One of the many things I have enjoyed about becoming a mother is all of the time I spend reading books with my little girl. Aside from just the simple pleasure of snuggling up with her and sharing a book, as an illustrator it's been interesting to see both some truly amazing children's book illustration as well as the amount of really terrible examples of the art form.
This weekend past, we found an old copy of a Golden Book of the "The Three Bears". This edition was illustrated by F. Rojankovsky. I don't know anything about Rojankovsky, so I need to do a little homework there. His/Her illustration of Papa Bear discovering that his porridge had been sampled by someone, blew me away. Aside from just being very beautifully painted, I love its feral-ness, its darkness. I feel like we just don't see this kind of illustration in children's books anymore.
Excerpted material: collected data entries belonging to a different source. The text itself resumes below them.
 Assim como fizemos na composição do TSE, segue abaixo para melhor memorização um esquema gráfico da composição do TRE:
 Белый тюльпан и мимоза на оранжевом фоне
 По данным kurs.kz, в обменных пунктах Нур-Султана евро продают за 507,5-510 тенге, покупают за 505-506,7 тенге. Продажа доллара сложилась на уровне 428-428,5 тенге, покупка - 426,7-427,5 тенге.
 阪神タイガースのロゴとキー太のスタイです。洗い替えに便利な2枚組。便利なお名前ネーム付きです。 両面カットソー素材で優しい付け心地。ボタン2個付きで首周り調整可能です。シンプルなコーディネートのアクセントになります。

Are we too worried about frightening children, perhaps? Isabel, my daughter, wasn't afraid though. I think the illustration helped her to understand why Goldilocks wanted to hightail it out of The Bears' cottage!
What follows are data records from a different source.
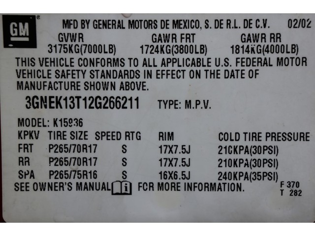• VIN: 3GNEK13T12G266211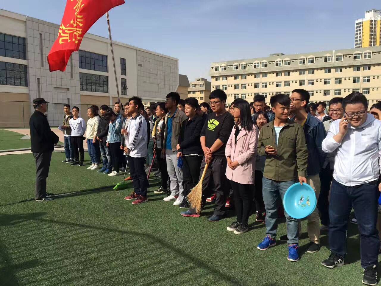 党总支书记谢利民对本次活动进行了动员,简洁地阐述了活动的目的和意义,然后副书记梁婷婷对本次活动的具体实施作了详细的部署安排。面对主席台上布满灰尘的椅子,党员、预备党员、入党积极分子,展开了地毯式清理,有的拿着水管冲,有的用抹布擦,有的清除过道垃圾,虽然有的同学溅湿了裤脚,流下了汗水,但没有一个人怕脏、说苦,观众台上呈现出了一幅热火朝天的劳动场景。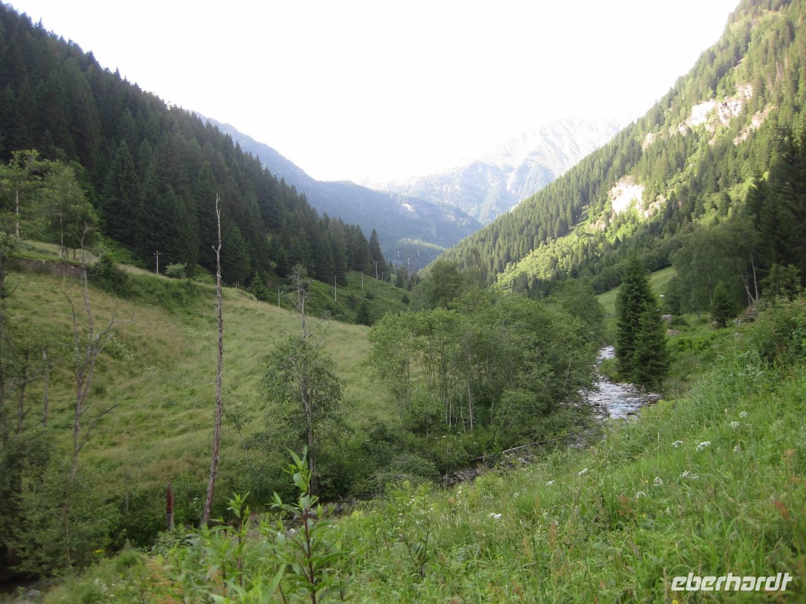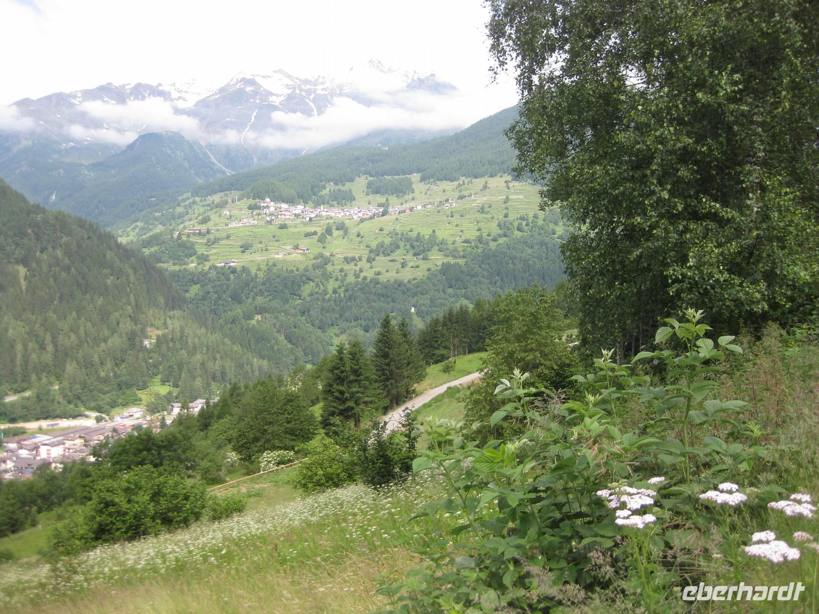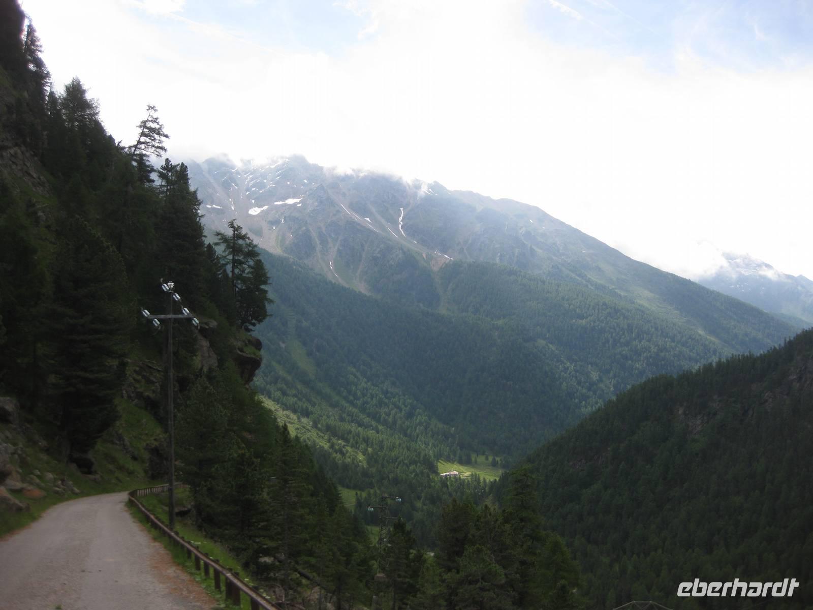 Für den Rückweg nehmen wir wieder einen Weg durch den Wald. Jetzt trübt es sich doch noch etwas ein und wir werden nass. Aber auch dafür sind wir gerüstet. Jeder hat in seinem Rucksack einen Schirm oder eine Regenjacke. Wir laufen bis in den Ort, Martina ist schon voraus geeilt und kommt uns mit dem Bus entgegen. Wir fahren wieder in Richtung Cogolo, das in einem anderen Tal liegt. Und siehe da, hier ist es trocken und die Sonne scheint.

Furthermore, the illustration represents, to me at least, some change in our relationship to nature. In many of the older children's books we have, there is an attention to detailing the natural world, that seems to be lacking in manycontemporary books.The bear in the illustration above is undoubtably a BEAR. Not a cute, cuddly cartoon interpretation, but a feral (albeit porridge eating!), grumpy, lumbering bear. The illustrator has allowed for his bear-ness. This is not to say that there aren't contemporary picture books and illustrators that don't dumb down the material, it just seems like one has to dig around a bit more to find them.
I'm not sure I'm expressing all of this well, but I welcome any of your thoughts. I have been wanting to do some posts about how we represent and view the natural world currently, and in the case of those of us that are close to a little one (whether it be by being a parent, aunt, uncle, educator etc.) how we are passing that on to the next generation.